Just as Kana had anticipated, a crowd of people gathered around her. The students surrounded her and, after introducing themselves, began bombarding her with questions.

“Why’re you transformed?”

“A magical girl doesn’t need a reason to transform,” Kana answered.

They were all murmuring to one another, for some reason. They seemed impressed, although Kana didn’t understand why.

“It looks like your uniform’s torn!”

“I adjusted it to make it easier to move,” Kana replied.

“You have such pretty hair.”

“Thank you.”

“Did you forget your stuff? Like your textbook and notebook?”

“I’ll bring them tomorrow.”

“Kana…what sort of magic do you have?”

The murmuring lessened.

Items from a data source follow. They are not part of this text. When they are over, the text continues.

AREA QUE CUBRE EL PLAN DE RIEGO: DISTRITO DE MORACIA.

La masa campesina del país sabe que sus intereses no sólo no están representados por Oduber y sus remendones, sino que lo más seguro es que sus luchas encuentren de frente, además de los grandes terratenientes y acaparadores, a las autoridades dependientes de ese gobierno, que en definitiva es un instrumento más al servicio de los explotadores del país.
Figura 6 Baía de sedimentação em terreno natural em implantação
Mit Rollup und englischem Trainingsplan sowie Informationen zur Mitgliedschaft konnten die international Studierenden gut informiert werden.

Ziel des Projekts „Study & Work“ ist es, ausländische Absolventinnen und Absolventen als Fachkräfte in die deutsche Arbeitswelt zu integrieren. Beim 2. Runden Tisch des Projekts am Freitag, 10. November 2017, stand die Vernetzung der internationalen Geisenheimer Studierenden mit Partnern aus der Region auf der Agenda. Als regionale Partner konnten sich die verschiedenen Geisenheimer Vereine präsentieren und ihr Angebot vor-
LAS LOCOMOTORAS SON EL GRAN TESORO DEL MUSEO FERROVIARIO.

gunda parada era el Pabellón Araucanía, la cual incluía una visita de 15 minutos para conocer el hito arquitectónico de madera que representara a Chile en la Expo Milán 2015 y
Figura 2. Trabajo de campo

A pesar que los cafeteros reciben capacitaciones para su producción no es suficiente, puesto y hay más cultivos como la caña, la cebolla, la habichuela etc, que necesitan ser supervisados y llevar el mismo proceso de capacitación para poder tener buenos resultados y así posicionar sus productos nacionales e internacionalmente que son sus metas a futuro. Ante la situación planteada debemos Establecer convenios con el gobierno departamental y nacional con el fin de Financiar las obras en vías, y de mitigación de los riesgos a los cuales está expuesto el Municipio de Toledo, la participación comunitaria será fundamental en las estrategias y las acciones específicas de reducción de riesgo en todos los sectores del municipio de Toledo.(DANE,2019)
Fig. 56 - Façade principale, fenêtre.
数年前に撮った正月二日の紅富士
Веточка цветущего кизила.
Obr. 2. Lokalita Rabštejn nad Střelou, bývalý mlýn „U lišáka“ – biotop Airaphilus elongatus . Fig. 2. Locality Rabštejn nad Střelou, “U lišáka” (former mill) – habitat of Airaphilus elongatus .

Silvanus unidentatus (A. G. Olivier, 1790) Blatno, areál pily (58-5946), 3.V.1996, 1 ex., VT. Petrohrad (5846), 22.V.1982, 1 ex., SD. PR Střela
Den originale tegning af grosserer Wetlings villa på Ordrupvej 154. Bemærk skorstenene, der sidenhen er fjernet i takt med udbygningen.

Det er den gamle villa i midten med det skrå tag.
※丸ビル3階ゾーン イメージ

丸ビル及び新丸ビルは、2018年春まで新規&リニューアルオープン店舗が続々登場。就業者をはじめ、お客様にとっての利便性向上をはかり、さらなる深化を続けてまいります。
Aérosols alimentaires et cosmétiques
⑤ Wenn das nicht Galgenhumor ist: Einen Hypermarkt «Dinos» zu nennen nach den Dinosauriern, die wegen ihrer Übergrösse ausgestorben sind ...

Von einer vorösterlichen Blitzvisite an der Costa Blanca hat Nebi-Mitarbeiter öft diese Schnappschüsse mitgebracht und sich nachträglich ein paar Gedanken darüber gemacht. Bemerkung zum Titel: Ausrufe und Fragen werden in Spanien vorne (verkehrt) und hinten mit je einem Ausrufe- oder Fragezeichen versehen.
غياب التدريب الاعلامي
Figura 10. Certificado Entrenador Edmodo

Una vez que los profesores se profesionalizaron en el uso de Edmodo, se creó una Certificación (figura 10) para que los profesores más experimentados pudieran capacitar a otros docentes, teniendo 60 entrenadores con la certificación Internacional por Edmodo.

The one to ask that last question had been a girl with long black hair who had introduced herself as Princess Lightning.

There was no way other magical girls wouldn’t be curious about her magic. After that question came up, the chattering ebbed, and everyone focused their attention on Kana, listening closely so they wouldn’t miss what she said.

Kana remained in her seat, looking back at Lightning’s face as she pondered whether it would be a problem to answer, or if Yoshioka would get angry at her later. She then nodded. “My magic is that I can know the answers to questions.”

After a silence of a little less than a second, the girls burst into whispering:

“What does that mean?”

“Sounds complicated.”

“That’s your magic?”

“She seems like a tomboy.”

A thin smile came to Lightning’s lips as she asked, “So what does that mean, in other words?”

“I ask someone a question.”

“Right.”

“Then the correct answer comes to my mind without having to wait for their response.”

“Ohhh, that’s what you mean.”

The commotion grew even louder. Lightning’s shapely eyebrows twitched up, and her thin smile broadened slightly. “So you can learn anything?”

“If the other person knows it.”

“For example, hmm…you could find out my birthday, couldn’t you? How about you try it out?”

Kana slowly shook her head. Lightning seemed confused. “What do you mean? You can learn anything, can’t you?”

“That’d be an invasion of privacy.”

“But I’m giving you permission to ask that question.”

“There’s a lot of reasons why I can’t ask.”

“Tell me.”

Kana spread the fingers of her right hand, folding down each finger, starting from her thumb, to count.

First, it was an invasion of privacy. And since the answer that rose in her mind was dependent on that person’s point of view, if the one she questioned believed a lie to be the truth, that would distort the answer. And the biggest reason was that she would uncover things she shouldn’t know. This was all just what Yoshioka had told her, but those reasons were enough to satisfy Kana, too.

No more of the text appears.